### What the task asks:
The answer must consist solely of the lines from the line with "The bottom label" to the end of the data below, transcribed exactly and with no pictures.

### Records for the task:
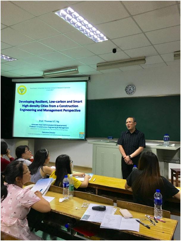晚上,来自香港大学的Thomas Ng教授给学员们带来了题为“Developing Resilient,Low-carbon and Smart High-density Cities from a Construction Engineering and Management Perspective”的讲座。Thomas Ng教授从灾害的严重性讲起,引出社区韧性(community resilience)的重要性以及韧性对于不同城市的不同意义。接着,Thomas Ng教授介绍了中国大陆基础设施机构和香港基础设施机构,以及高密度城市的特征和基础设施的内在联系。最后,Thomas Ng教授为大家介绍了潜在技术创新,并做出总结:可持续发展和韧性对高密度城市的发展至关重要。
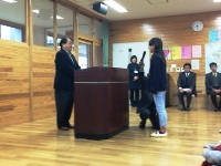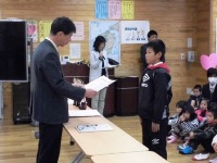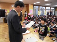 今日は、終業式がありました。2,4,6年生となかよし学級の子ども達の代表発表では、2学期に頑張ったことと、冬休みや3学期に向けての抱負が述べられました。多くの行事に目標をもって取り組んだ子ども達の成長が感じられる発表でした。冬休みも健康や安全に気をつけて過ごし、元気に3学期を迎えてほしいと思います。
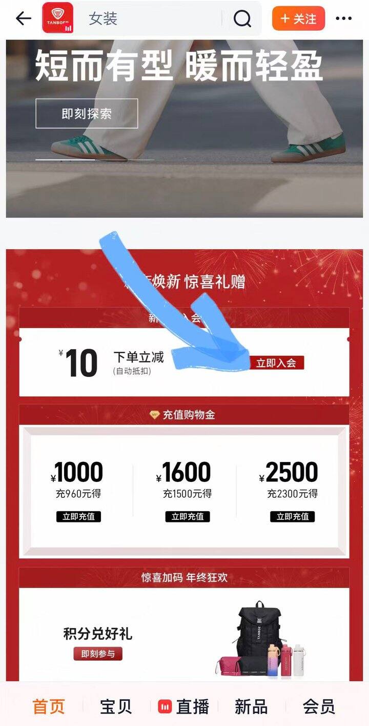 ❹店铺首页入会领10r会员券
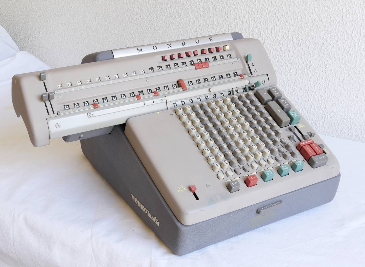 The bottom label shows the Litton Industries logo. Litton acquired the Monroe Calculating Machine Company in 1958. So I guess that this machine was produced after 1958.
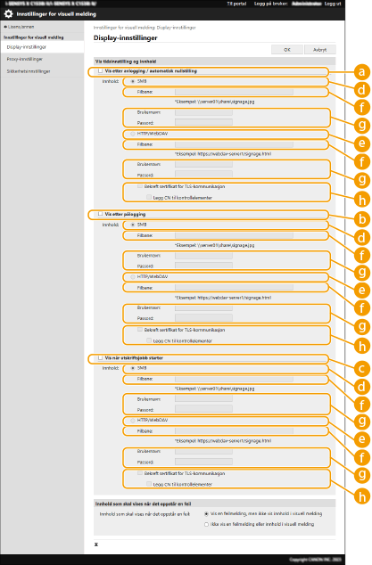 Når Visuell melding-funksjonen er innstilt, kan innhold sjekkes fra <Visuelt varsel> på <Hjem>, uavhengig av tidsinnstillingen. Det sist viste innholdet vises. Angi en fil som er lagret på en filserver eller i Avansert område i en annen Canon flerfunksjonsskriver i samme nettverk som innholdet som skal vises. Arbeide med andre enheterDu kan også angi et nettsted på Internett som innhold via en proxy-server. Proxy-innstillingene som brukes for denne funksjonen er de samme som innstillingene i <Proxy-innstillinger>. Innholdet vises når utskriften starter hvis funksjonen utskrift med tvungen holding er aktivert og avmerkingsboksen [Vis når utskriftsjobb starter] er valgt. |
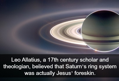Allatius rejected this idea. Allatius was the keeper of the Vatican library, and in De Praeputio Domini Nostri Jesu Christi Diatriba (Discussion Concerning the Prepuce [Foreskin] of our Lord Jesus Christ) he proposed that, as Jesus ascended, he left a bit of himself in the heavens: “the holy foreskin may have ascended into heaven at the same time as Jesus himself, and might have become the rings of Saturn.”

### Final answer:
 The bottom label shows the Litton Industries logo. Litton acquired the Monroe Calculating Machine Company in 1958. So I guess that this machine was produced after 1958.
 Når Visuell melding-funksjonen er innstilt, kan innhold sjekkes fra <Visuelt varsel> på <Hjem>, uavhengig av tidsinnstillingen. Det sist viste innholdet vises. Angi en fil som er lagret på en filserver eller i Avansert område i en annen Canon flerfunksjonsskriver i samme nettverk som innholdet som skal vises. Arbeide med andre enheterDu kan også angi et nettsted på Internett som innhold via en proxy-server. Proxy-innstillingene som brukes for denne funksjonen er de samme som innstillingene i <Proxy-innstillinger>. Innholdet vises når utskriften starter hvis funksjonen utskrift med tvungen holding er aktivert og avmerkingsboksen [Vis når utskriftsjobb starter] er valgt. |
Allatius rejected this idea. Allatius was the keeper of the Vatican library, and in De Praeputio Domini Nostri Jesu Christi Diatriba (Discussion Concerning the Prepuce [Foreskin] of our Lord Jesus Christ) he proposed that, as Jesus ascended, he left a bit of himself in the heavens: “the holy foreskin may have ascended into heaven at the same time as Jesus himself, and might have become the rings of Saturn.”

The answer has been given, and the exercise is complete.